Alright, thanks man. Iwas looking to get another pygo to add to my collection of 11. Thing is I cant seem to safely accimlate any fish into my red tank. Just last week while shopping at BigAls Mississauga I bought some large cardinal tetras to add to my comminity tank, so I put the bag to float in my red bellies tank to warm up because I was still out for a while after I bought the tetras and the water got cold. Not very long after I returned after installing a new heater in my community tank, the red belly shoal already swam up to a bag and I guess they ripped a hole in it because all the tetras were gone and two of my reds were in the bag. Should I take out all my reds when introducing a new red to the tank? They attack and kill any fish or invertabrate one second after it hits the water.


----------



## Piranha_man (Jan 29, 2005)

Mr. Hannibal said:


> My best guess they are just emaciated... they just need to be well fed for a few days


Agreed.









Good picture by the way!
Would sure be easier to diagnose and identify if everybody supplied pictures like that!


----------



## Mr. Hannibal (Feb 21, 2003)

Some people do that (take all the fish out) but i don't... i just rearrange deco (if any) and a partial water change just before adding the new fish... it works always to me when dealing with adult Ps... Keep in mind juvenile Ps occasionally kill each other no matter what (it's just their nature)...


----------



## BRUNER247 (Jun 2, 2010)

Acclimate em in a bucket. Add your new fish & immediately get your arm in there & move some decor around or even move a net around a little. Could pull all fish for 15min & introduce all back together but I highly doubt that's needed. Long babies might of come from tank with strong current.I noticed my pool babies were wild looking in appearance(longer)than square tank raised siblings.



Piranha_man said:


> My best guess they are just emaciated... they just need to be well fed for a few days


Agreed.









Good picture by the way!
Would sure be easier to diagnose and identify if everybody supplied pictures like that!








[/quote]
Its a file photo. Its not of the fish he's talking about.


----------



## Piranha_man (Jan 29, 2005)

Oh.


----------



## BRUNER247 (Jun 2, 2010)

That file photo fish looks like a stunted & under fed or diseased young adult not a baby imo. I doubt you could under feed a baby rbp. Unless you have them split into solo tanks. A group of baby rbp are NOT going to go hungry regardless of if keeper feeds them enough or not. They will eat one way or another I guarantee it!


----------



## Co. Caines (Feb 14, 2011)

Sylar_92 said:


> So recently I've visited most of the aquarium stores and pet shops around the GTA and noticed something different. While I was scanning live stock in BigAls, Dragon aquarium and Aquatic Kingdom like I always do every weekend I noticed their new juvenile red bellies looked a bit odd from the ones I have seen in the past and the ones I currently own. Instead of the usual very colourful and round appearence, they look more squared and light in colourization.
> 
> Are these red bellies a result of a bad breeding operation yielding unhealthy and malnurished red bellies? My other hypothesis was that maybe they were wild reds or their parents were but when I asked the stock room manager he sadly said no. He told me they came from breeder and that he wished the store got some wild reds but they havent got any shipments of wild reds in a while. I didnt have my camera on me last weekend but this picture below is what Iam refering to as the squared look. Are these guys sick? Im asking because I was interested in buying one but wasnt sure why it looked like that.
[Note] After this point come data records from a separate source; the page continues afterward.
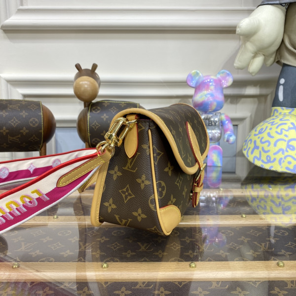 The Diane satchel in Monogram canvas revisits a classic model from the 90s, combining such vintage details as leather corners and an archival-inspired buckle with the modern functionality of smart pockets and a well-organized interior. The exclusive wide jacquard strap reverses from a bold Louis Vuitton signature to a subtle Monogram Flower motif.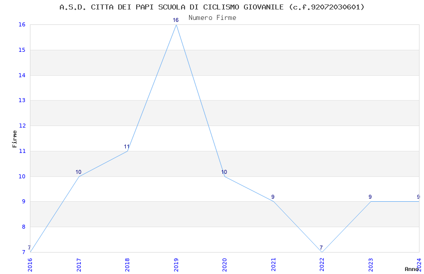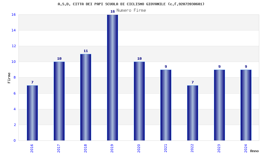 | 2019 | 16 | 560,74 | 35,05 | 44.381 | 3.860 | 229 | 12 |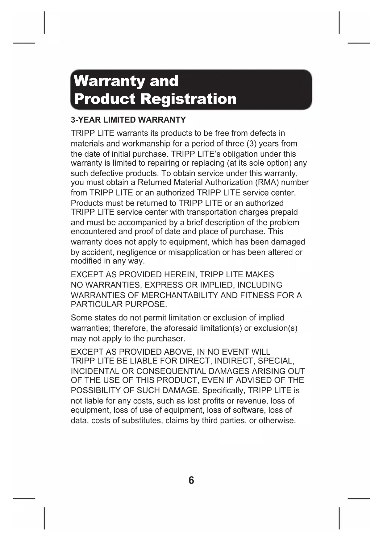 OF THE USE OF THIS PRODUCT, EVEN IF ADVISED OF THE POSSIBILITY OF SUCH DAMAGE. Specically, TRIPP LITE is not liable for any costs, such as lost prots or revenue, loss of equipment, loss of use of equipment, loss of software, loss of data, costs of substitutes, claims by third parties, or otherwise.7 Warranty and Product Registration PRODUCT REGISTRATION Visit tripplite.com/warranty today to register your new Tripp Lite product. You’ll be automatically entered into a drawing for a chance to win a FREE Tripp Lite product!*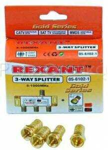 Делитель ТВ х 3 + 4шт. F "box" 5-1000 МГц "gold" Rexant 05-6102-1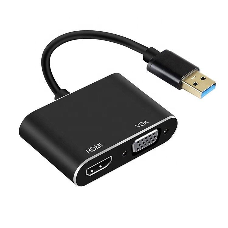 Convertisseur audio-vidéo 3 en 1 USB 3.0 vers HDMI VGA, répartiteur 1080P, 4K, écran double pour projecteur d'ordinateur portable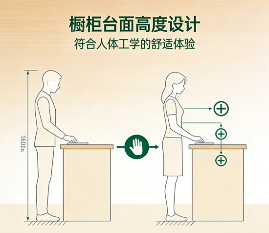 烹饪区:考虑到灶具高度和烹饪安全,通常比标准高度低5-8厘米(75-80厘米)。这个高度能让使用者自然注视锅内食物,同时避免热气直面扑来。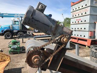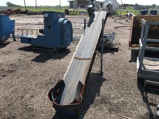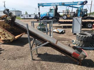 Lot #9008: Selling Off-Site Incline Conveyor 108" Long, 16" Wide c/w Electric Motor. Located at Beiseker, AB Viewing By Appointment Call Graham @ 403-968-7697. *Note: Buyer Responsible for Lifting and Loading.*
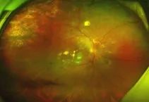 左:正常人左眼眼底彩照;右:正常人左眼超广角激光扫描眼底照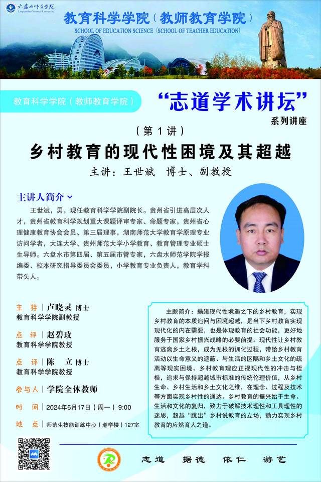 【预告】教育科学学院“志道学术讲坛”系列讲座第1讲------乡村教育的现代性困境及其超越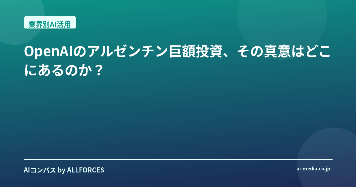 OpenAIのアルゼンチン巨額投資、その真意はどこにあるのか? 「OpenAIがアルゼンチンに250億ドル投資?」最初にこのニュースを聞いた時、正直なところ、私の耳を疑いました。250億ドルですよ?シリコンバレーで20年間、AI業界の浮き沈みを間近で見てきた私でも、この数字には驚きを隠せません。あなたもきっと、「なぜ今、アルゼンチンに、それほどの巨額を?」と感じたのではないでしょうか。これは単なる投資話ではない、何か大きな戦略が隠されているに違いないと直感しましたね。 考えてみれば、AIの進化は、まるでゴールドラッシュのようです。かつてはソフトウェアやアルゴリズムが主役でしたが、今やその基盤となる「インフラ」こそが、新たな金脈となっています。私が日本の大手企業でAI導入を支援していた頃、多くの経営者が「AIは魔法の杖だ」と期待を寄せていましたが、その裏で、膨大な計算資源と電力が必要になるという現実を理解している人は少なかった。データセンターの建設競争は、まさにその物理的な制約を乗り越えようとする、現代のフロンティア開拓なんです。 今回の投資の核心は、「Stargate Argentina」と名付けられた大規模なAIデータセンタープロジェクトにあります。OpenAIは、アルゼンチンのエネルギー企業Sur Energyと手を組み、パタゴニア地域に最大500メガワットという途方もない容量を持つ施設を建設しようとしている。500メガワットと言えば、中規模の都市1つを賄えるほどの電力です。これだけの規模のデータセンターを動かすには、安定した電力供給が不可欠。パタゴニアの豊富な再生可能エネルギー資源、特に風力や水力発電のポテンシャルが、この地を選んだ大きな理由の1つでしょう。そして、冷涼な気候は、発熱するサーバー群の冷却コストを抑える上でも有利に働きます。 しかし、それだけではありません。アルゼンチン政府が提供する「大規模投資インセンティブ制度(RIGI)」も、この巨額投資を後押ししているのは間違いありません。30年間の財政・関税優遇措置は、OpenAIのような企業にとって、長期的な事業展開を見据える上で非常に魅力的な条件です。政府がこれほど手厚い支援をするのは、アルゼンチンを「AIハブ」として確立し、AIコンピューティング能力を生成・輸出する、という国家戦略があるからでしょう。これは、かつて半導体工場が誘致されたように、AI時代における新たな産業誘致の形と言えます。 OpenAIのCEO、サム・アルトマン氏が「これはインフラ以上のものだ。アルゼンチン全土の人々の手にAIを届けることだ」と語っている点も、見逃せません。彼らは単に計算資源を確保するだけでなく、「OpenAI for Countries」というイニシアチブを通じて、アルゼンチン全土でOpenAIの技術へのアクセスを拡大しようとしています。まずは政府機関から導入を進め、公務員や研究機関がAIを活用して業務を効率化し、公共サービスを改善することを目指す。これは、AI技術の民主化という、彼らの掲げる大きなビジョンの一環であり、ラテンアメリカにおける初の「Stargate」プロジェクトとして、その成否は今後のグローバル展開にも大きな影響を与えるでしょう。 では、この動きは私たちに何を意味するのでしょうか?投資家の皆さん、これはAIインフラへの長期的な視点を持つべきだという明確なシグナルです。AIの「頭脳」であるモデル開発だけでなく、「体」となる計算資源への投資が、今後ますます重要になります。半導体、電力、冷却技術、そしてデータセンター建設に関わるあらゆる企業に、新たなビジネスチャンスが生まれるでしょう。ただし、地政学的なリスクや、新興国への大規模投資に伴う不確実性も考慮に入れる必要があります。 そして、技術者の皆さん。これは、AIが特定の先進国だけの技術ではなく、世界中でその恩恵が広がる可能性を示唆しています。アルゼンチンでのプロジェクトが成功すれば、同様のモデルが他の新興国にも展開されるかもしれません。そうなれば、新たな市場でのAI技術の適用、ローカライズ、そして現地の課題解決に貢献する機会が生まれます。同時に、AIの倫理的な利用、データプライバシー、そして現地の文化や社会に配慮したAI開発の重要性も増すでしょう。 正直なところ、250億ドルという数字は、私のような古参アナリストでも「本当にそこまで必要なのか?」と一瞬疑ってしまいます。しかし、OpenAIが描く未来、つまり汎用人工知能(AGI)の実現には、想像を絶する計算資源が必要になるのかもしれません。彼らは、その未来への布石を着実に打っている。このアルゼンチンでの挑戦が、AIの歴史にどのような一ページを刻むのか、そして、私たちの社会にどのような変革をもたらすのか、あなたはどう感じますか? 私個人としては、この「Stargate Argentina」は単なるデータセンター建設プロジェクトに留まらず、AIの歴史における新たな「ランドマーク」となる可能性を秘めていると感じています。かつて、電力の供給

i agree i was at big als mississauga and dragon yesterday and noticed the same thing. the person i asked about it said he not sure why they look different, but someone in the store who had bought some previously in that state said they seemed fine for him later on. on another note did you see the gummy bear blue horned worms they had at the big als. i bought a few for my Ps and they torn them apart. they were some pretty feeders. but back to the topic at hand, big als scarborough has a lot of different reds of different sizes for about 11.99 each in case you dont want to go with those odd shape ones u seen.


----------



## Grosse Gurke (Jan 3, 2003)

When I saw the picture my first thought was that fish looks nicer then 99% of the nattereri I see in tanks. Personally...I hate the rounded belly and weak jaw of most tank raised nattereri. The fish in the picture is a little underweight but has a nice sized head for his body, a nice flat belly, and a huge lower jaw.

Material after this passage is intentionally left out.